David Hyndman talks to Rod Stoneman the former Deputy Editor of Independent Film & Video at Channel 4 and former CEO of the Irish Film Board, about his childhood in Devon, his participation in grassroots avant-garde film making and his thoughts on the film and television industry.

Rod recalls the television of his youth as that “epoch of a very paternalistic version of broadcasting.” On the television Rod watched in his youth he comments that, “early British television was a version of public service television, that was a context which introduced me to television in a way that provided useful material and part of the framework for growing up culturally.”

Rod’s interest in film intensified when he moved to Kent to study English Literature at university where he was introduced to new and radical ways of making and watching films though association with the Canterbury Film Theatre and the student film society. “By the time I was leaving I was seeing a lot of film and therefore it became logical to try and go somewhere where I could do film properly.”

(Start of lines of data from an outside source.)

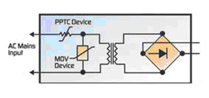 金屬氧化物壓敏變阻器具有高的通流和能量吸收能力,快的響應(yīng)速度,低廉的成本,非常適合在電源端進行過壓保護。PPTC過流保護器件的額定工作電壓也是交流240V,允許最高達265V的間歇性電壓,可以與交流電源輸入線路中的壓敏變阻器安裝在一起。
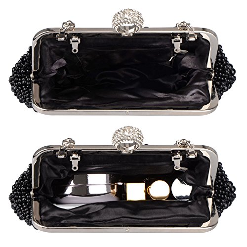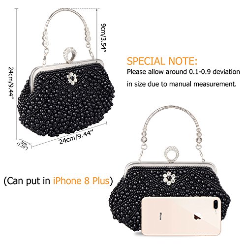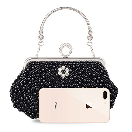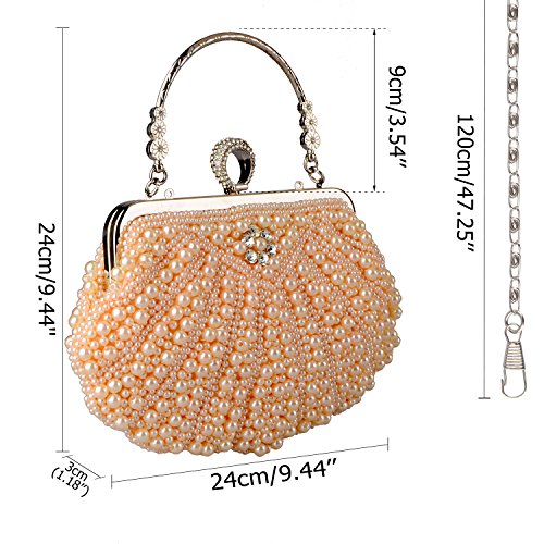 -. Feature : ❤ FASHION DESIGN - Unique shell styling, sparkling pearls and crystal overlays, inner layers of fine velvet, stylish chain straps. / ❤ SIZE - Approximate measurements: 9.4 x 7.1 x 1.2 inches / ❤ MULTIPURPOSE -As daily handbag, change Purse, shoulder bags or cross-body bags, Bride Handbag, Evening bag etc,MEET ALL YOUR NEED! / ❤ CAPACITY - You can easily fit your cell phone(fit for iPhone 6s plus), cards, money, car keys, small wallet, mirror, lipstick, some makeup etc. / ❤ OCCASION - Beautiful clutch bag is perfect for Everyday use, Weekend, Wedding, Evening party, Prom, Cocktail various parties, Night out or formal occasions and so on.
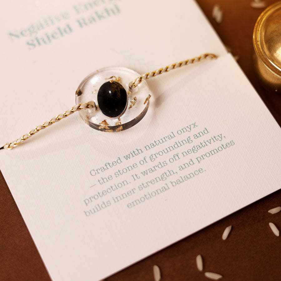 Tie this rakhi to your brother and shield him with the strength and protection of onyx this Raksha Bandhan.
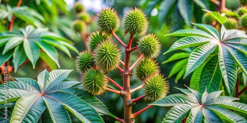 Tall and vibrant castor oil plants with large leaves and clusters of spiky seed pods, tropical, agriculture, plant, nature
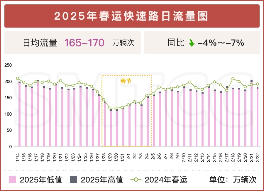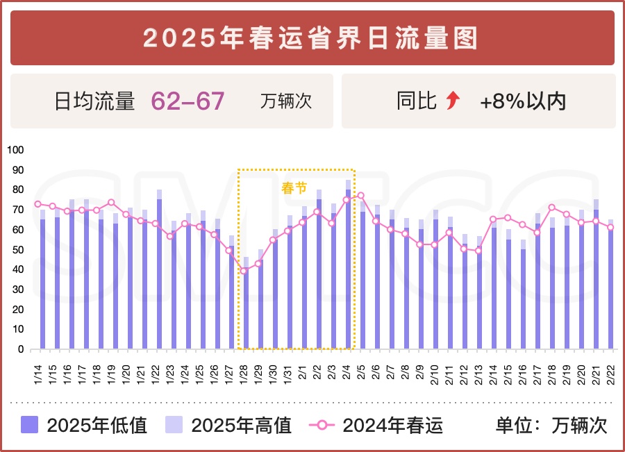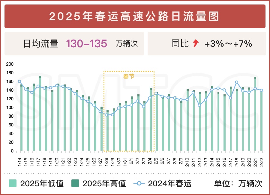 预计2025年春运期间高速公路日均流量130—135万辆次。春运前期高速公路车流规模居各阶段首位,春节期间高速公路车流规模处于低位,是春运乃至全年的最低水平;节后路网车流规模持续回升,正月十五之后高速公路流量基本恢复到常态水平。
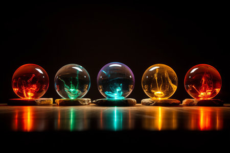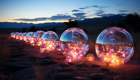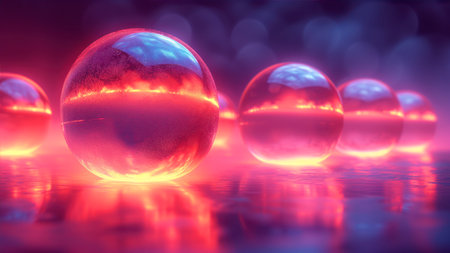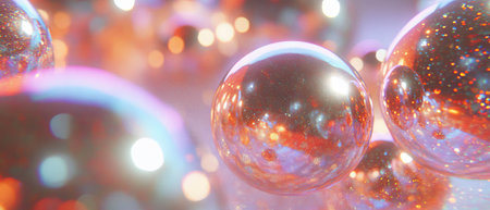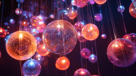 Elegant floating glass spheres reflecting multicolored lights generative ai
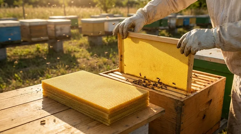 현대 양봉은 우아하고 단순한 도구인 밀랍 기초로 이 경제 문제를 해결했습니다.
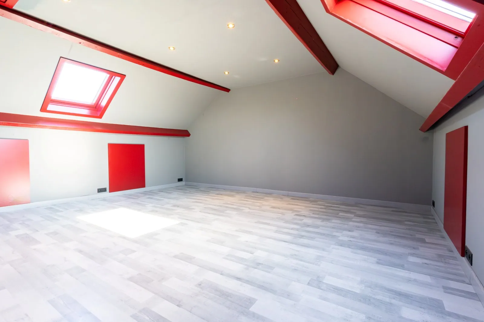 Au deuxième étage : Grenier aménagé en une quatrième grande chambre avec rangements dans les combles, grenier de stockage supplémentaire.

Rod found a creative and critically reflective space working, as Deputy Editor of Independent Film & Video for Channel 4. “It was a project to do a serious widening of the diversity of what was available on British television.”

Rod discusses Derek Jarman’s Blue in which BBC Radio 3 and prime time Channel 4 cooperated on a radical film, with no ad breaks.  “It is absolutely and entirely out of the question that it could be transmitted publicly on any known television. There is no question of large scale television turning the screens over to a project like Blue.”

A change of remit in Channel 4 resulted in Rod becoming formally engaged with independent film movements in Northern Ireland. He also  directed the  documentary series Ireland: The Silent Voices which dealt with mainstream media’s approach to representing the conflict in Northern Ireland. “Overall it did offer something of a critique of the censorship, the ideological use of dubious terms. Support for direct speech was one way of countering the gaps and omissions and censorships of British television.”

Rod left Channel 4 for new challenges in Ireland at the Irish Film Board.

“I transposed the same idea and approach that I learned in Channel 4… radical pluralism… that what we have to do is set a wide range of types of film and types of film making in action. The left version of radical pluralism is that, if you run a whole series of different versions of films and ideas about the world, rationality will prevail.”

The diversity in films produced during Rod’s tenure with the Irish Film Board wasn’t restricted to film genre, “it’s also a vertical diversity about low budget non-commercial filmmaking vis a vis medium to high budget. Nearly all the films had some level of other money in them and in many cases that did bring the market into projects.”

On contemporary Irish film and it’s attempt to make critical reflections on society, Rod believes less risks are taken, much less supported. “I think we are in a very risk adverse culture now and that clearly limits the range and diversity of what is made.”

Today, Rod is employed with the Houston School of Digital Media with the aim of diversifying the teaching approach to film students, “we show them wider choices, they see different ways of doing things, experimental films, films from Africa, Asia and Latin America. We put on DVDs of stuff we showed on Channel 4 and generally they can’t believe it was on television.”